If he does successfully argue his right to disobey orders, then IMO he still needs to pursue the birth certificate as it will expose Obama for criminal fraud as well as being ineligible for office. And it’s important for any challenge to Obama being a natural born citizen is done on the basis of the Supreme Court’s definition (not Vattel), which said, based on ‘common law,’ that “... all children born in a country of parents who were its citizens became themselves, upon their birth, citizens also. These were natives, or natural-born citizens ...” The military court would have no foundation to argue against this definition.
‘Bout danged time to focus on something other than that birth certificate! This is long overdue IMO.
They should have been focusing on Obama’s daddy from the getgo and that Senate resolution which affirmed TWO citizen parents! Lakin’s defense team not only needs help, they ned to recuse themselves and get Lakin a defense team that actually knows what they’re doing!
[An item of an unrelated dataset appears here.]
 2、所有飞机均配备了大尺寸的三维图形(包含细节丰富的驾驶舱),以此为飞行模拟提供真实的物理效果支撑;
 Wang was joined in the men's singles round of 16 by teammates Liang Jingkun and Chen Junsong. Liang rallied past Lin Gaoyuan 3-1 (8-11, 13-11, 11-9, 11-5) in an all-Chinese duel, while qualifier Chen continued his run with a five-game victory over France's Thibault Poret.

I mean, the fact that Obama's father was not a US citizen was a VERY well-known fact during the campaign. It got plenty of discussion here at FR. If that simple fact was, by itself, a Constitutional disqualification, you'd think somebody would've mentioned it long before the election.
But no, Birthers only discovered their favored 'two-citizen-parent' theory right at election time. And they've since spent the two years AFTER the election trying to convince themselves and others that that's the REAL definition.
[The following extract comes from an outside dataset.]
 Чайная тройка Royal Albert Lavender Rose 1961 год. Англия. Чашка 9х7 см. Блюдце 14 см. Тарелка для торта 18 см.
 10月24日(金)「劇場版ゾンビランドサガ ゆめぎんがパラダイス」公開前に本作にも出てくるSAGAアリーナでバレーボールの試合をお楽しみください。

Bravo! You nailed it. Deals were made, D*** the Constitution, and full speed ahead. This is precisely why none of the GOP insiders will touch this issue either!
Technically it’s not a two-parent requirement, but a one-parent requirement as defined by Vattel ... simply that the citizenship of the child naturally follows the citizenship of the father. So even in a one-parent definition, Obama is still not a natural born citizen. The Supreme Court has cited Vattel frequently over the years and used his definition as the basis for its own definition of natural born citizen. This much is indisputable.
Otherwise, this is a nebulous argument. The public didn’t argue whether Pluto was a planet or not until AFTER scientists declared it was not. Once someone stepped forth with an official definition, then it becomes a public issue, and the same holds true with Obama.
I for one, am happy to say the status of women has changed a great deal from what it was in Vattel's time. We vote now, we can inherit, manage our own finances, in short, we are now recognized as full adult citizens.
Yeah, darn it all...
No one said otherwise, and this doesn’t change the definition of natural born citizen as cited by the Supreme Court.
What next...Driving?!?!?
You betcha!
How about providing the cite?
It was in a previous post:
” ... all children born in a country of parents who were its citizens became themselves, upon their birth, citizens also. These were natives, or natural-born citizens... “
Minor V. Happersett
Ping..................
Because if he sustains his claim that he was born in Hawaii, he is a citizen at birth under the 14th Amendment and has all the rights of a citizen including but not limited to the right to claim he meets the Natural Born test for Presidential eligibility.
Placemark.
You think Mrs rogers and the other guys will join in to support a colleague comrade???
That being the case that the son is NOT following the father's linage should have made him Barry Dunham instead of Obama???